START Dataset entries

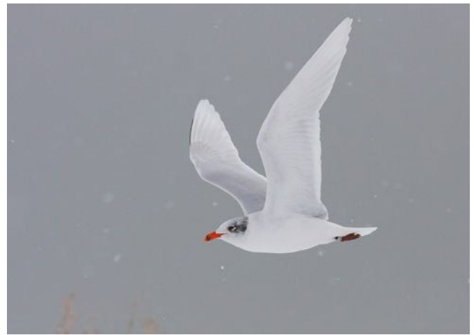
Mediterranean Gulls in the snow at Copt Point

A Barn Owl was watched hunting in the Nickoll's Quarry / Botolph's Bridge area on 3 dates from the 20 th and Little Owls were seen at Samphire Hoe and West Hythe (2). There were single Kingfishers at West Hythe on the 1 st and Botolph's Bridge on the 21 st .
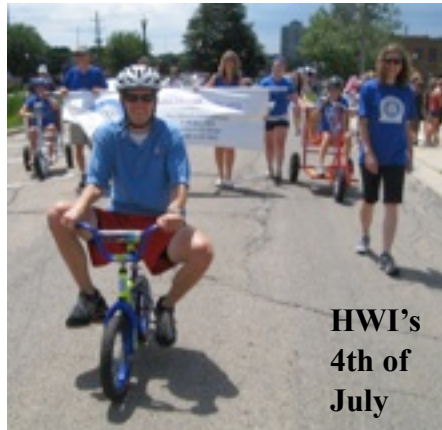
HWI’s 4th of July

My husband loved to ride his bike, and I have been looking for an opportunity to donate it to someone who could really use it. I would love to give it to His Wheels.”
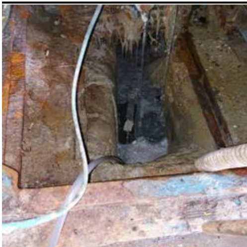
SAMPLING LOCATION, CLOSE-UP VIEW
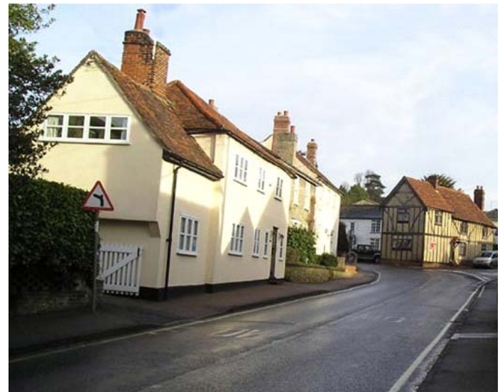
Sudbury Road, Bures

The centre of the village has many old historic buildings, some dating from the 16th and 17th century. Currently Bures has registered 75 listed buildings.
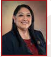
Regina Antone Lt. Governor
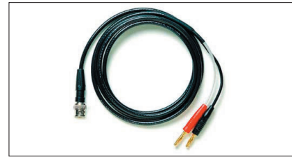
EC04 BNC to 4 mm Banana Plug Cable
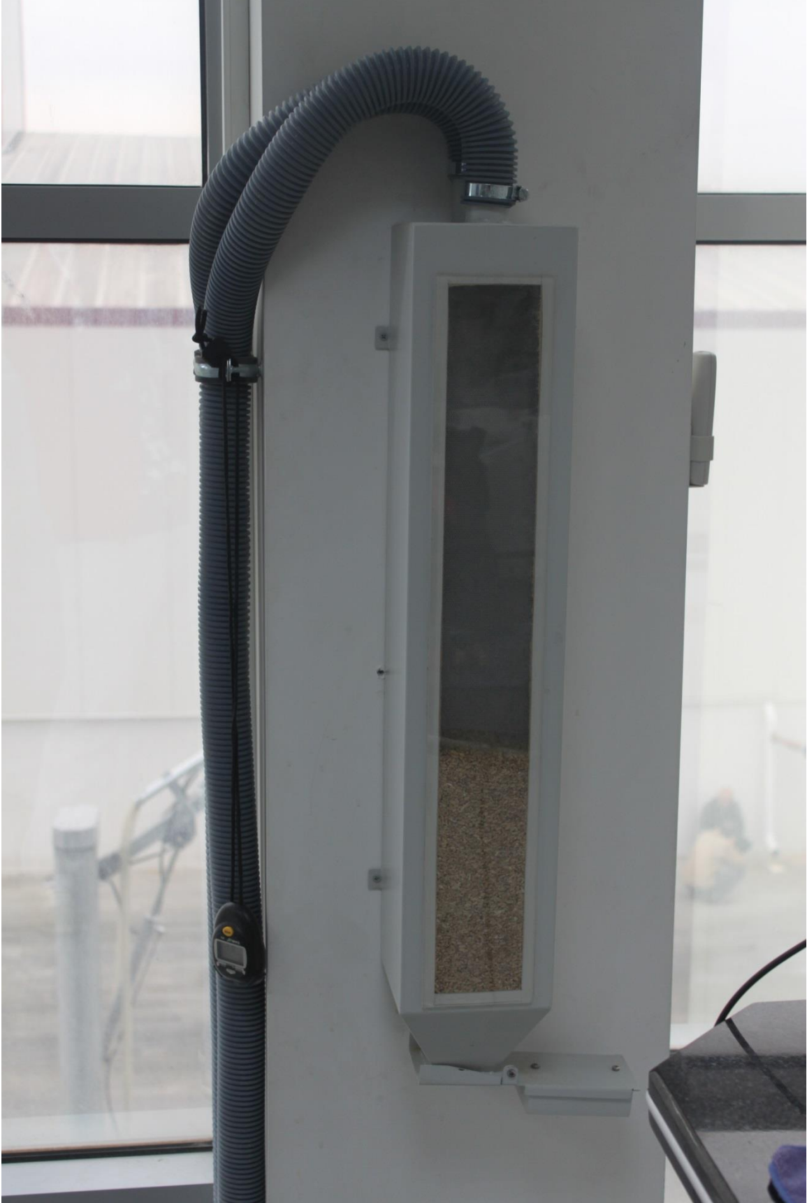
BASTAK ANALİTİK CİHAZLAR DIŞ TİCARET PAZARLAMA VE SANAYİ TİCARET LİMİTED ŞİRKETİ.
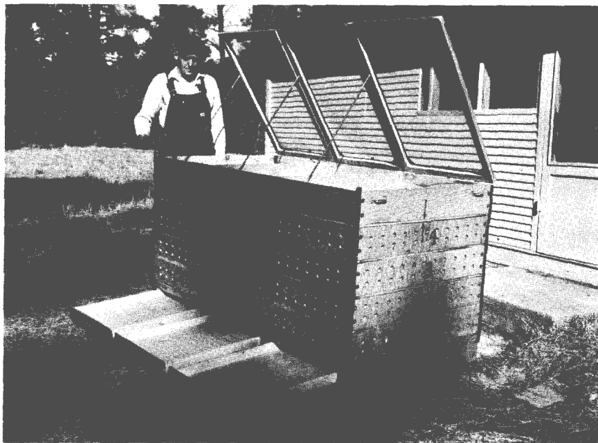
Figure 1.--Drying trays assembled. Angle irons at corners hold the complete rack together. The screened lids are hinged. The rockers at the ends of the bottom tray permit the cones to be agitated.

Each tray has three separate compartments so three different species of cones may be dried simultaneously. Each compartment holds approximately 3/4 to 1 bushel of green cones.
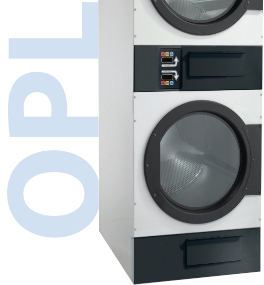
AD-333 OPL Stack Dryer
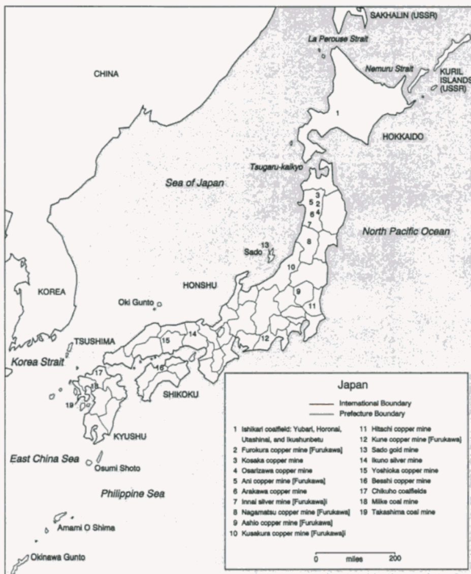
Figure P.1. Location of principal mines in Japan, ca. early twentieth century.
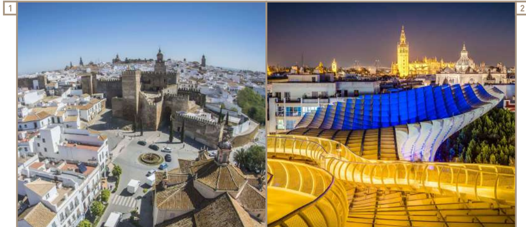
1. Panoramic view of Carmona 2. Metropol Parasol, Seville
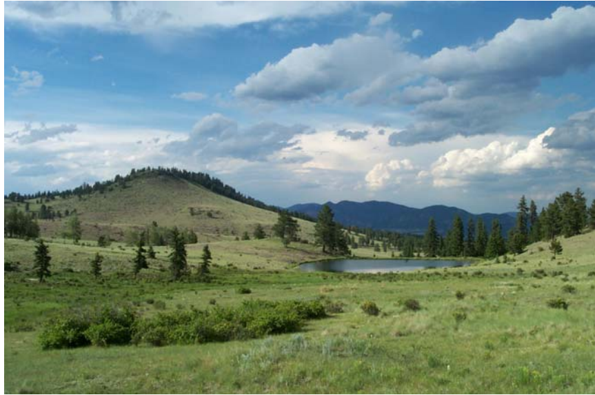
Thirtynine Mile roadless area
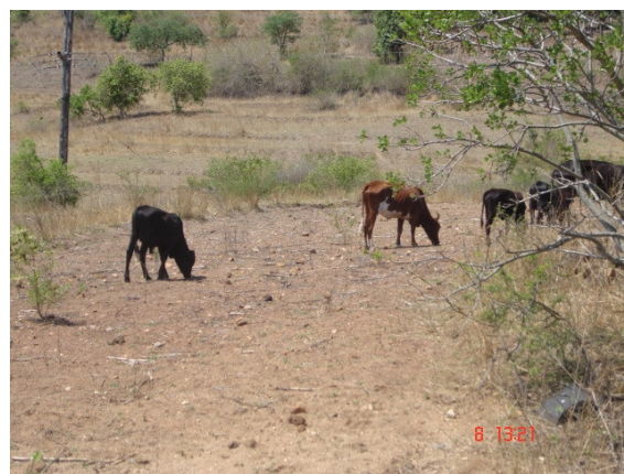
Picture 2: Cattle feeding on almost bare soil at Ngculwini in the Lowveld
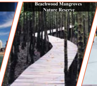
Beachwood Mangroves Nature Reserve
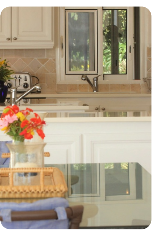
Mer Soleil | Page 7 of 8
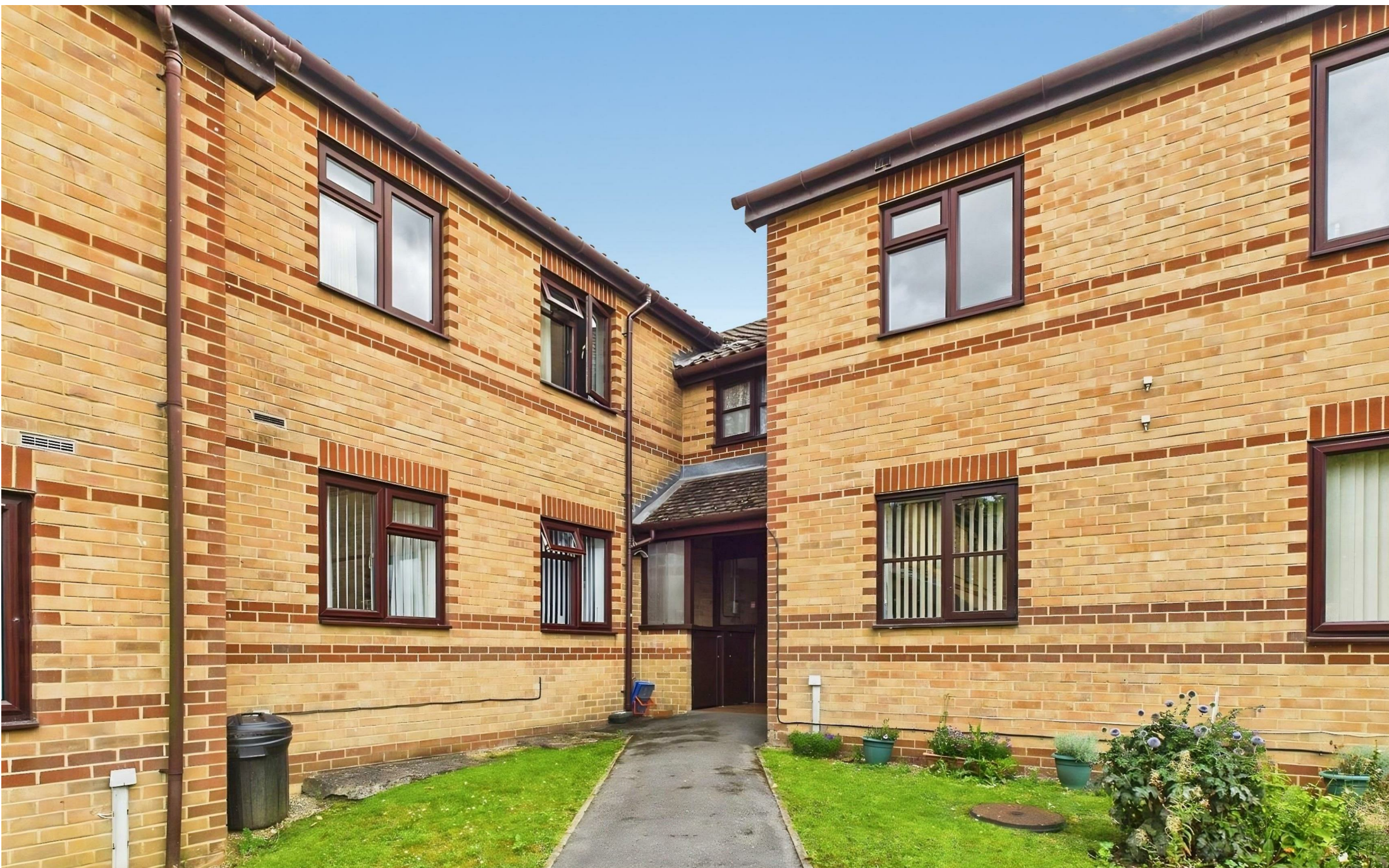
Gershwin Court, Brighton Hill, Basingstoke, RG22 4NN
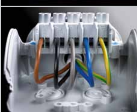
High-position terminals with more space for wiring
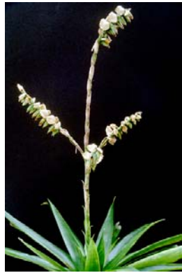
Inflorescence greatly exceeding the leaves, few-branched; flowers open on one side of the spikes (orig-in unknown; Selby BG archives)
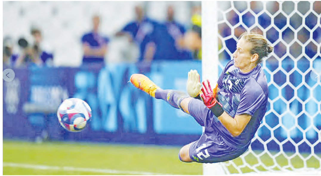
Germany goalkeeper Ann-Katrin Berger saves a penalty shoot-out during their match against Canada.

however, by an injury to defender Rafaelle, who was taken off by stretcher in the second half and later seen using a crutch.
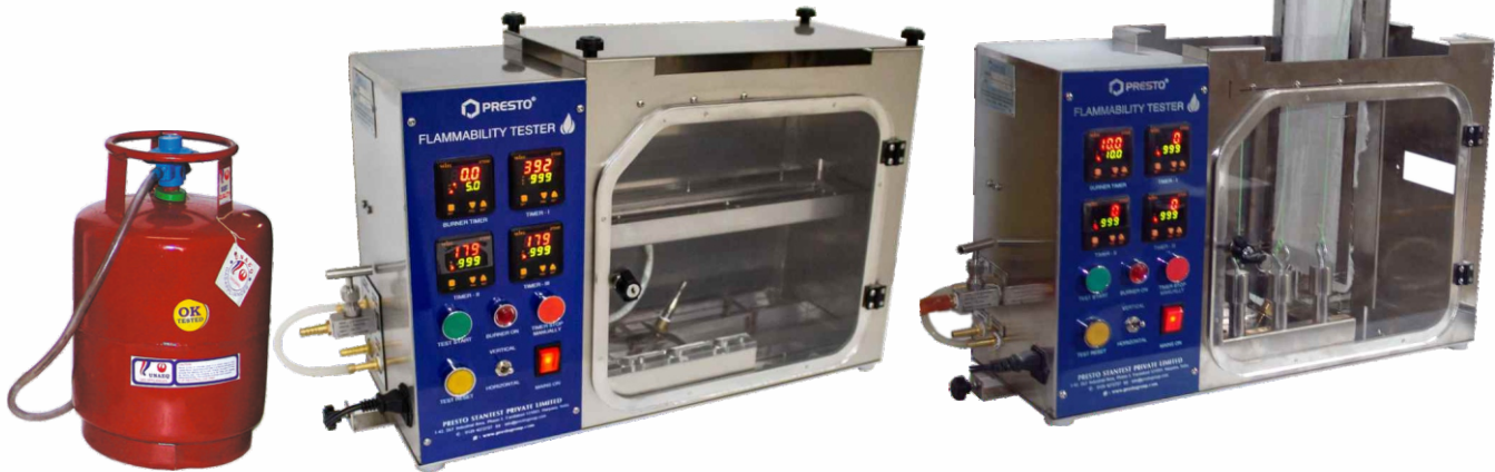
ANNEX A (Horizontal Test)
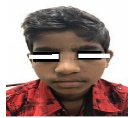
Fig 1: Patient has broadenned nasal bridge

Patient was further evaluated with Whole body PET CT scan which was s/o FDG avid large heterogenously enhancing lesion in the nasal cavity extending into nasopharynx, bilateral ethmoidal sinuses and base of skull causing expansion of nasal cavity with thinning of medial wall of bilateral maxillary sinuses and cribriform plate (SUV max:7.5)- Primary with no evidence of metastatic disease. Fig 4.
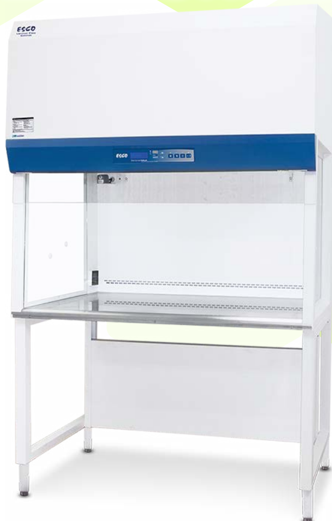
Airstream® Gen 3 Laminar Flow Clean Bench Glass Side Wall

the efficiency of its ULPA H14 filters. With more choice for customers, Esco laminar flow clean benches still offer the same level of product protection for your samples and processes where operator protection is not required.
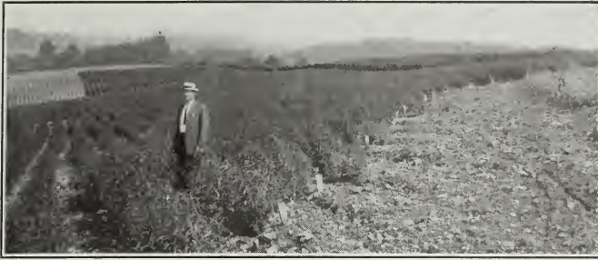
View of several hundred thousand Peach Seedlings. Block of budded Peach Trees in Background
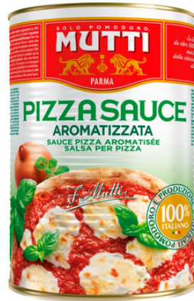
MUT65511 Pizza Sauce Aromatizzata 3 u / 4100 g
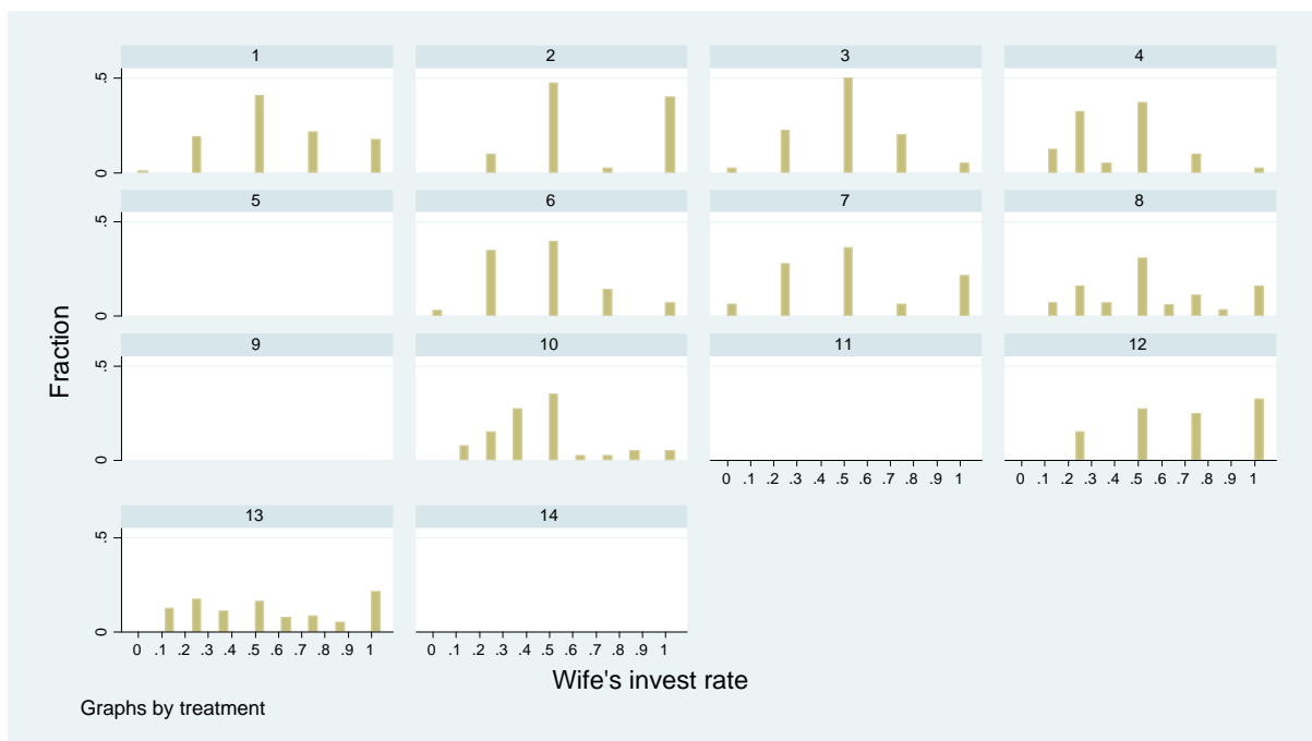
Figure 2: Histograms of female contribution rates by treatment

END Dataset entries

**Task statement**
In the data above, the stretch from the line with "Sudbury Road, Bures" through the line with "EC04 BNC to 4 mm Banana Plug Cable" is to be returned exactly, minus any pictures.

**Exercise solution**
Sudbury Road, Bures

The centre of the village has many old historic buildings, some dating from the 16th and 17th century. Currently Bures has registered 75 listed buildings.
Regina Antone Lt. Governor
EC04 BNC to 4 mm Banana Plug Cable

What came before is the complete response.